Exercise >> Take every line containing "ilişkin" from the material and copy it.

Data section >>
◆ ◆ ◆ ◆ ◆
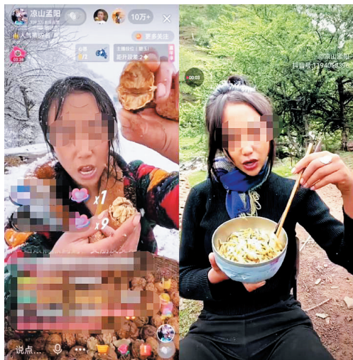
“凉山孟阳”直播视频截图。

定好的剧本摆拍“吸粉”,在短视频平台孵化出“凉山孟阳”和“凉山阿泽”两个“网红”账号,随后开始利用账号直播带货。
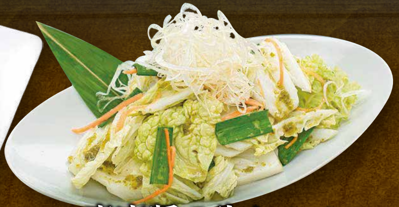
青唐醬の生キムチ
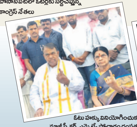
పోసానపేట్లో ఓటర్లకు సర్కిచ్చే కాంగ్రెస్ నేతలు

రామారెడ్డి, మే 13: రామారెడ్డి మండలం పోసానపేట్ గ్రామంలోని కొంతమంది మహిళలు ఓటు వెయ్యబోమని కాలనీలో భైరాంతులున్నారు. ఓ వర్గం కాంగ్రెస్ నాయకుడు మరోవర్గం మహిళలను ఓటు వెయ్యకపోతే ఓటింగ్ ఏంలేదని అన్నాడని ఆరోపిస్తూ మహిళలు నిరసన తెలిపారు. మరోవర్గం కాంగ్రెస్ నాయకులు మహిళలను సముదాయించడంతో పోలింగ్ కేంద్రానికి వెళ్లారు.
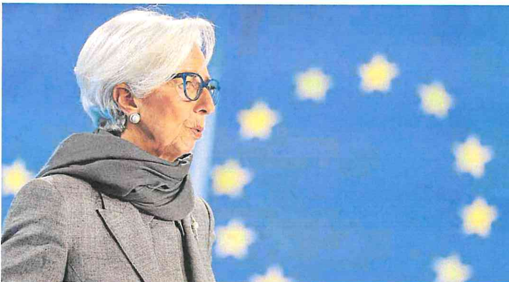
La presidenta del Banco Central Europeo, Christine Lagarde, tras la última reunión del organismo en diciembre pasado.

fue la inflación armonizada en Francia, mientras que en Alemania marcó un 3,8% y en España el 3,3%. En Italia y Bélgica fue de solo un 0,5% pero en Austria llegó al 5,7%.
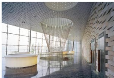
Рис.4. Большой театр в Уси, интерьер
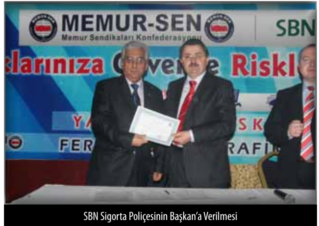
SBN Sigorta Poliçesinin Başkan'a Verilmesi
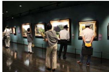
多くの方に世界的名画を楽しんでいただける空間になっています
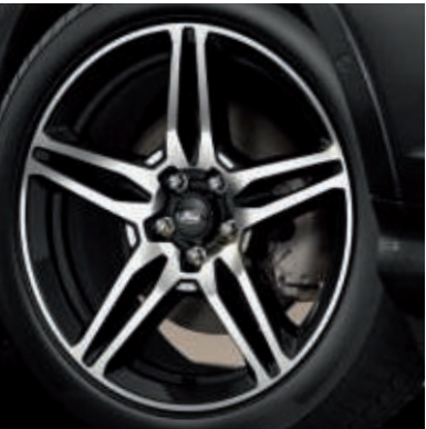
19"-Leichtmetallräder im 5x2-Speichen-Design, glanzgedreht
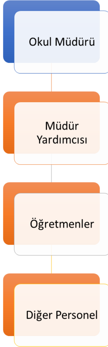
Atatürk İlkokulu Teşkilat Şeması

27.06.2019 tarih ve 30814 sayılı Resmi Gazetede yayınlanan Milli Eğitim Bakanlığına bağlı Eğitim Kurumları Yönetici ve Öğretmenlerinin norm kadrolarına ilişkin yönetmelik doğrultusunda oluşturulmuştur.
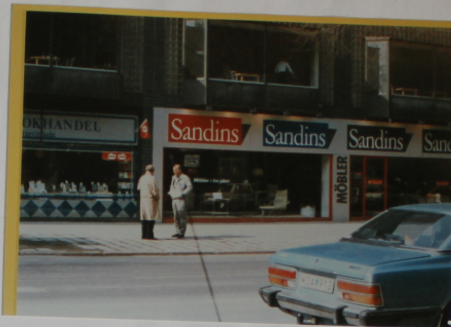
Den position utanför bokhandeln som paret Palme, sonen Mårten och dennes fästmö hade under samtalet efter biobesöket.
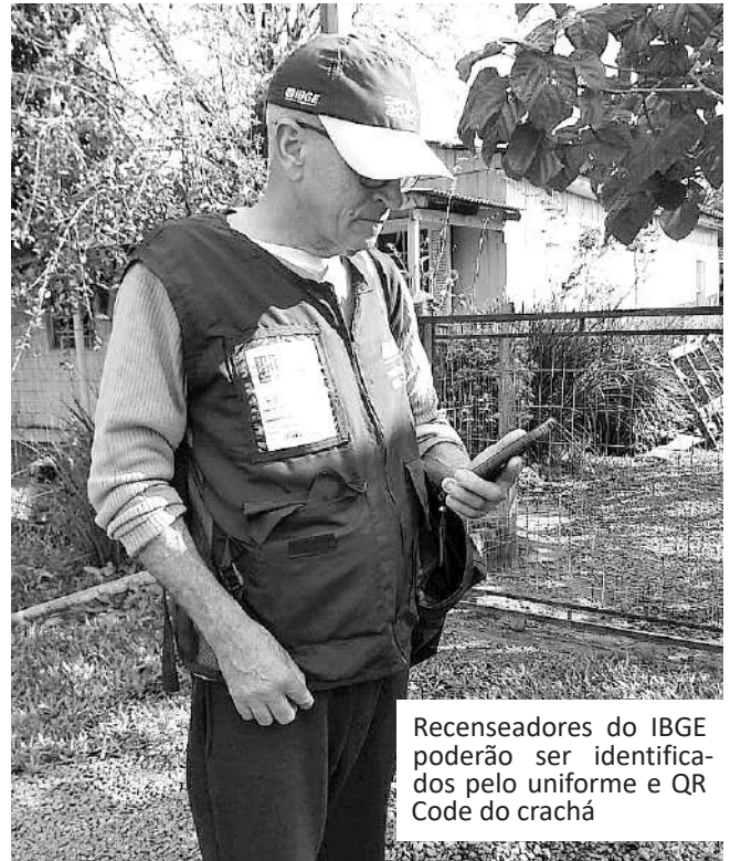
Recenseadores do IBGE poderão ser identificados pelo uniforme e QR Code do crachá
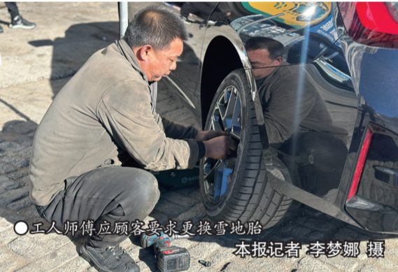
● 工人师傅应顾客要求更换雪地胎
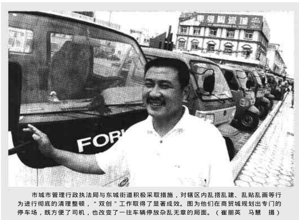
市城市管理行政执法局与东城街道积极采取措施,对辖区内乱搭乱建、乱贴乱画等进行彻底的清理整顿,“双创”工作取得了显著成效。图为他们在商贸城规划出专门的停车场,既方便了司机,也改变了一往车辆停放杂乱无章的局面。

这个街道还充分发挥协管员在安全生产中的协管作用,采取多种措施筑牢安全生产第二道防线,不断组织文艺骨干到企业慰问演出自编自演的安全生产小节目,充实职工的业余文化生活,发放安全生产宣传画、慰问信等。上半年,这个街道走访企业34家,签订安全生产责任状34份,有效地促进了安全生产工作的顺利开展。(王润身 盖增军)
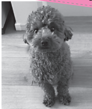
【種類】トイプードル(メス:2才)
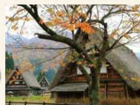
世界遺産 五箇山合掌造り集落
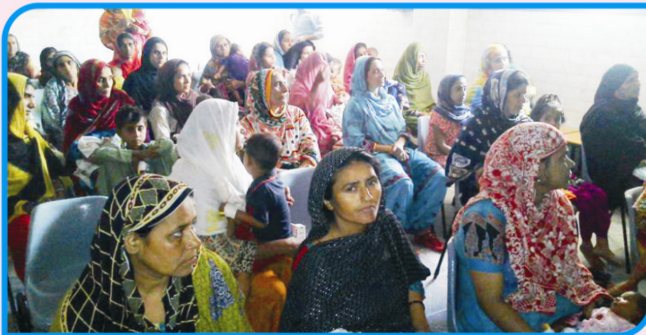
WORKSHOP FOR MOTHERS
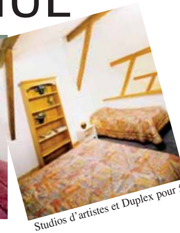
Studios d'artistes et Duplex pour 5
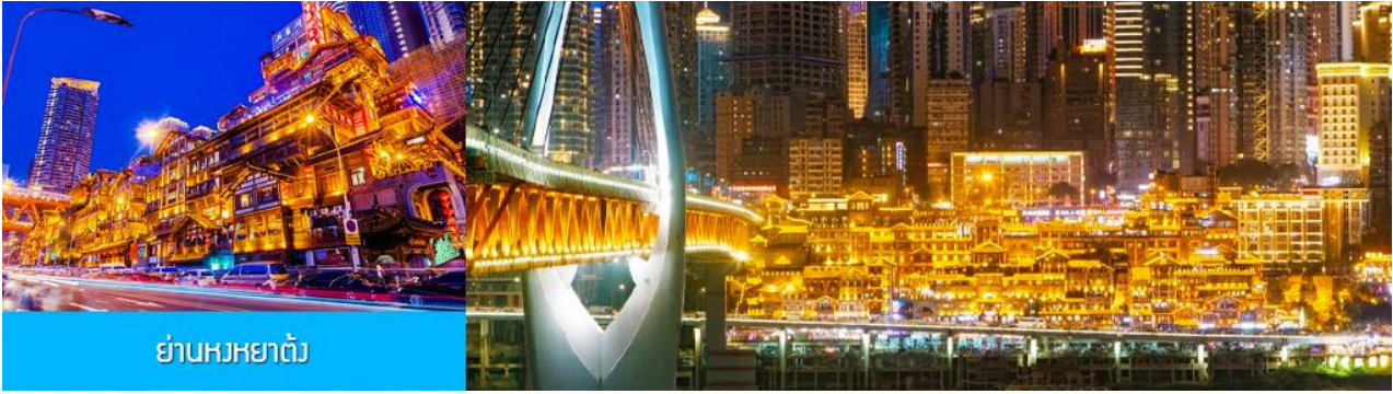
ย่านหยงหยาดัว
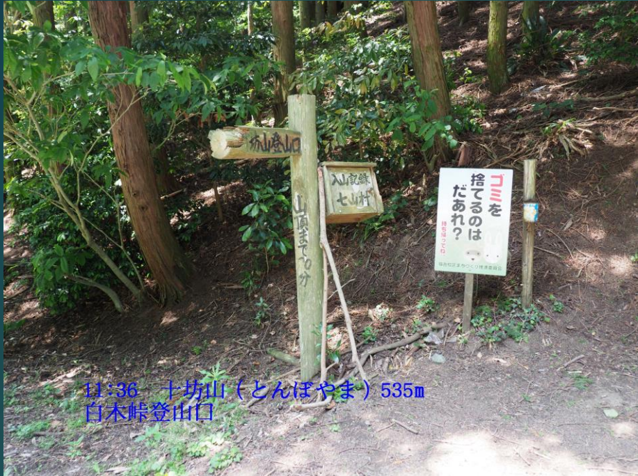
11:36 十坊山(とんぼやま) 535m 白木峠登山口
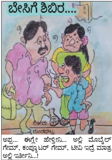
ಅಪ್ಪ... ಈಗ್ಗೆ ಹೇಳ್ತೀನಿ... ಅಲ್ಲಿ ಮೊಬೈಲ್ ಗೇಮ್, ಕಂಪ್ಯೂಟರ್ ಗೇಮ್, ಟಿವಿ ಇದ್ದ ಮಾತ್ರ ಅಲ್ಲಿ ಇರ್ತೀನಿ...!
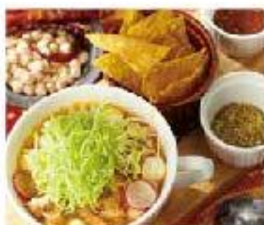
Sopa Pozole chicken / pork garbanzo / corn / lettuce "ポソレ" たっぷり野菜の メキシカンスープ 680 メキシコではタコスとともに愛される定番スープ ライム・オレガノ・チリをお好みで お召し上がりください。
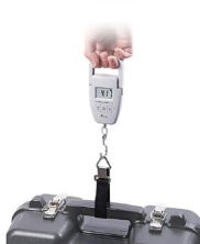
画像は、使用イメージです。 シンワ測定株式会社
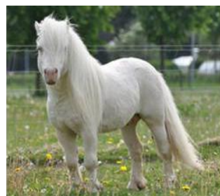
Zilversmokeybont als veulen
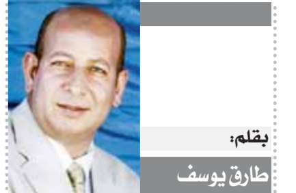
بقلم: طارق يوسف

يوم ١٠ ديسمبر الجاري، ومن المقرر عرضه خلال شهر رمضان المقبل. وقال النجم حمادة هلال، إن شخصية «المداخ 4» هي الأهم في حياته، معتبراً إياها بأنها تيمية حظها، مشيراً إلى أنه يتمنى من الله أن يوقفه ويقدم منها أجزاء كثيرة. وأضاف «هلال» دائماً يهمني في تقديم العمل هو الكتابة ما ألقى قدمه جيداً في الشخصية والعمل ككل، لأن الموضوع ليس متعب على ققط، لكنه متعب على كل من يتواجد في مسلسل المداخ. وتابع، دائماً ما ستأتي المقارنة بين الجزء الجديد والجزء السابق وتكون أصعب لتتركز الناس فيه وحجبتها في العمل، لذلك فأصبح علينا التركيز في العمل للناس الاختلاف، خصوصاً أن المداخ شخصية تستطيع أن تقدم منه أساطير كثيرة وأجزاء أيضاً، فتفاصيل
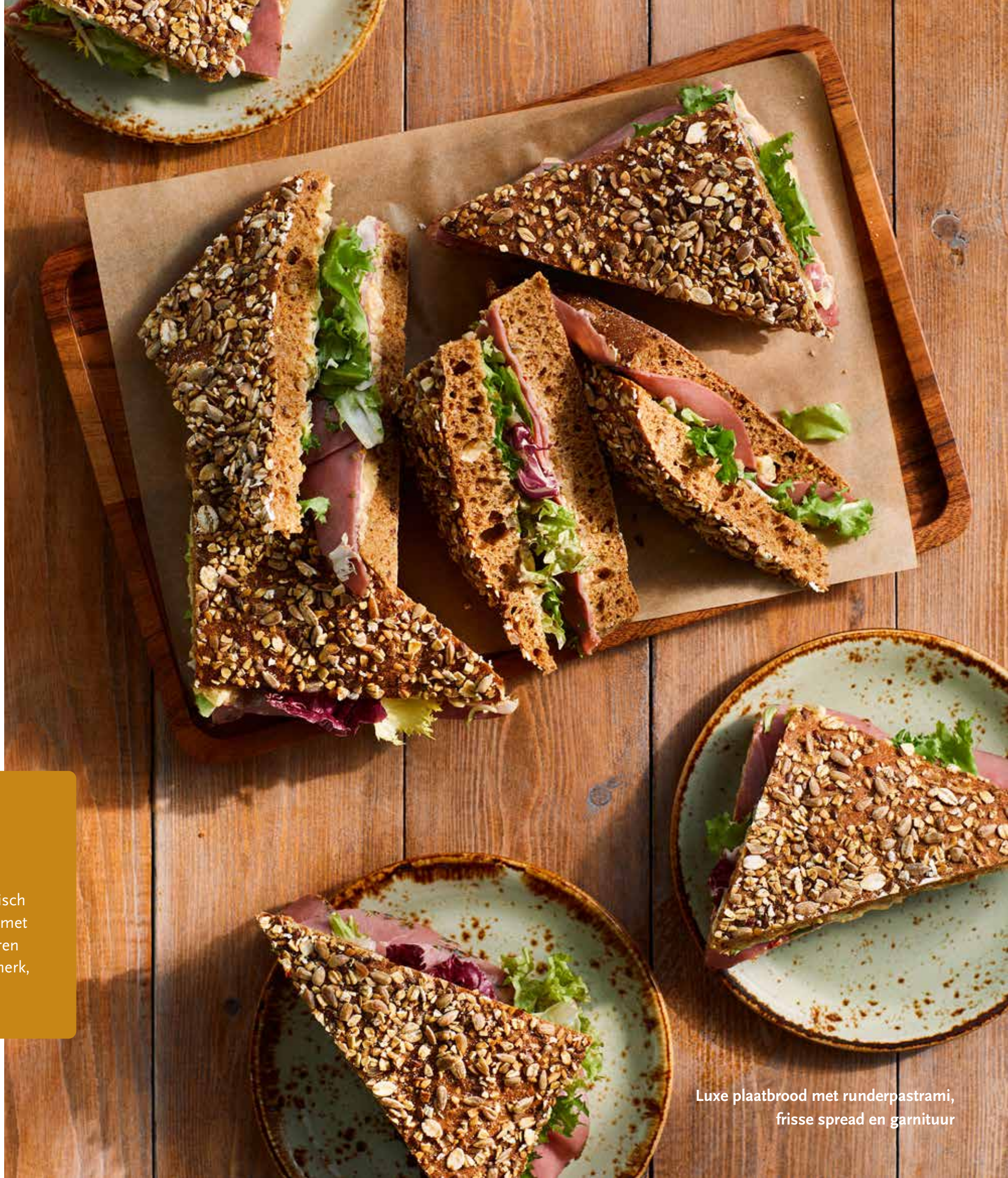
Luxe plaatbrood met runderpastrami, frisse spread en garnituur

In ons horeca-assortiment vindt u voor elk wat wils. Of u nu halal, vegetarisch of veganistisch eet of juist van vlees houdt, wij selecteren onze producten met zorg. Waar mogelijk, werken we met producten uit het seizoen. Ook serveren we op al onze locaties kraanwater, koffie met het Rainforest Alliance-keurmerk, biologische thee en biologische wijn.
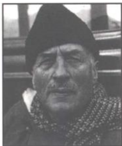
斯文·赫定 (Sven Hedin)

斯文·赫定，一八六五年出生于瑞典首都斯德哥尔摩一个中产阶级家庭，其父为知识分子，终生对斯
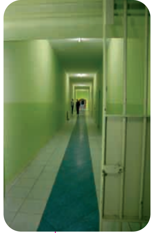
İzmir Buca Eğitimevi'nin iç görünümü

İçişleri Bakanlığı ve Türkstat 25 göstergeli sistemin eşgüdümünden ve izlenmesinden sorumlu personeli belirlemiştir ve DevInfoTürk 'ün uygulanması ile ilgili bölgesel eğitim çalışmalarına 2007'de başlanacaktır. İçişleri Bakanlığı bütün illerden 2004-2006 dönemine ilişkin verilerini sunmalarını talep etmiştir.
◆ ◆ ◆ ◆ ◆
Result of the task >>
27.06.2019 tarih ve 30814 sayılı Resmi Gazetede yayınlanan Milli Eğitim Bakanlığına bağlı Eğitim Kurumları Yönetici ve Öğretmenlerinin norm kadrolarına ilişkin yönetmelik doğrultusunda oluşturulmuştur.
İçişleri Bakanlığı ve Türkstat 25 göstergeli sistemin eşgüdümünden ve izlenmesinden sorumlu personeli belirlemiştir ve DevInfoTürk 'ün uygulanması ile ilgili bölgesel eğitim çalışmalarına 2007'de başlanacaktır. İçişleri Bakanlığı bütün illerden 2004-2006 dönemine ilişkin verilerini sunmalarını talep etmiştir.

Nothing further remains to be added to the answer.